4. Der Zahlungsanspruch des Klägers beruht auf § 12 Abs. 1 UWG. Nach § 12 Abs. 1
S. 1 UWG sollen die zur Geltendmachung eines Unterlassungsanspruchs Berechtigten
den Schuldner vor der Einleitung eines gerichtlichen Verfahrens abmahnen und ihm
Gelegenheit geben, den Streit durch Abgabe einer mit einer angemessenen
Vertragsstrafe bewehrten Unterlassungsverpflichtung beizulegen. Dies hat der
Kläger hier getan (K 3. Bl. 15 d. A.). Soweit die Abmahnung berechtigt ist, kann
der zur Abmahnung Berechtigte Ersatz der erforderlichen Aufwendungen verlangen,
§ 12 Abs. 1 S. 2 UWG. Die Abmahnung war nach dem Vorstehenden berechtigt. Der
geltend gemachte Anspruch ist angesichts des Abmahnschreibens (K 3. Bl. 15 d.

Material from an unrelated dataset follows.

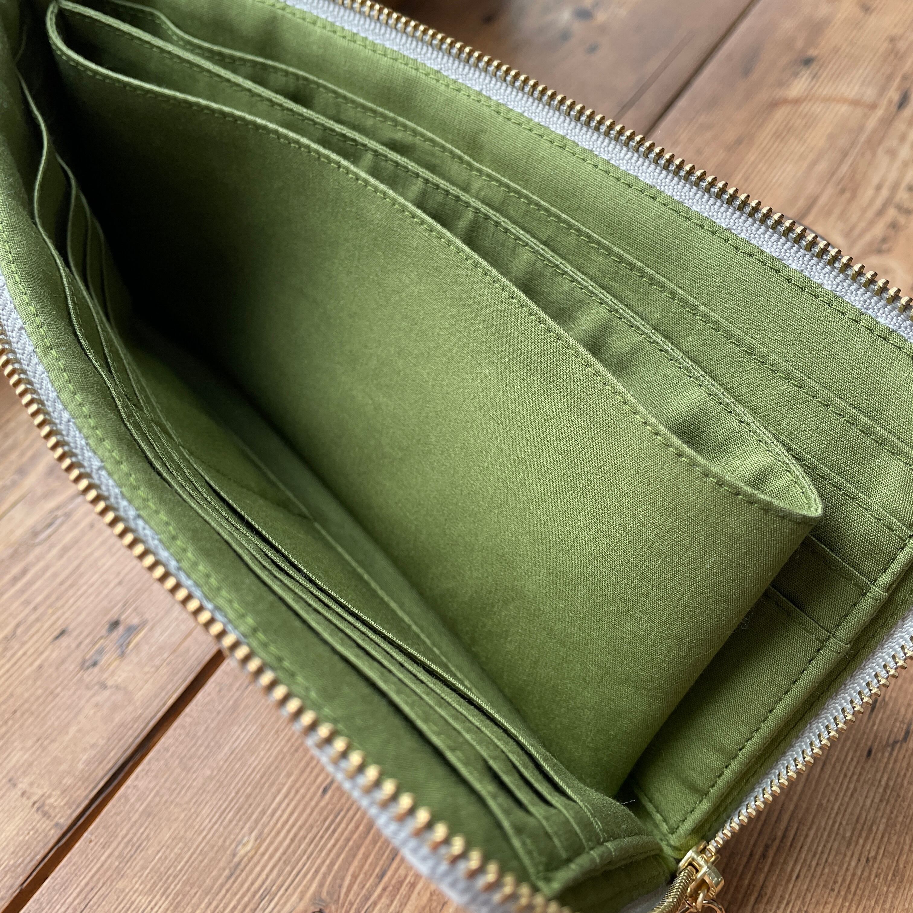 仕様 開閉はファスナー、内側にオープンのコインポケット1つ、カード入れ12ヶ所、仕切りの無いポケット2つ、外側にポケット1つ

A.) auch der Höhe nach nicht zu beanstanden. Zu Recht weist der Kläger zudem
darauf hin, dass die Beklagte seinen Darlegungen hinsichtlich der Höhe der
Aufwendungen erstinstanzlich nicht entgegengetreten ist (vgl. Schriftsatz der
Beklagten vom 10. Dezember 2007. Bl. 39 d. A. sowie Schriftsatz der Beklagten
vom 13. Februar 2008. Bl. 96 d. A.).
Die Kostenentscheidung beruht auf §§ 91 Abs. 1, 516 Abs. 3 S. 1 ZPO.
Die Entscheidung über die vorläufige Vollstreckbarkeit folgt aus § 708 Nr. 10, §
713 ZPO.
Die Revision war nicht zuzulassen, da die Voraussetzungen des § 543 Abs. 2 ZPO
nicht vorliegen. Der Rechtsstreit hat weder grundsätzliche Bedeutung noch
erfordert die Fortbildung des Rechts oder die Sicherung einer einheitlichen
Rechtsprechung eine Entscheidung des Revisionsgerichts. Die Parteien haben
insoweit auch keine Anhaltspunkte, die zu einer anderen Entscheidung Anlass
geben könnten, aufgezeigt. Soweit die Beklagte die Zulassung der Revision zur
Sicherung einer einheitlichen Rechtsprechung für erforderlich hält, hat der
Bundesgerichtshof in der vom Senat zitierten Entscheidung (BGH NJWRR 2005, 1496
- 1506) bereits Anforderungen an die Präzisierung der von der Beklagten
verwendeten Formulierung aufgestellt.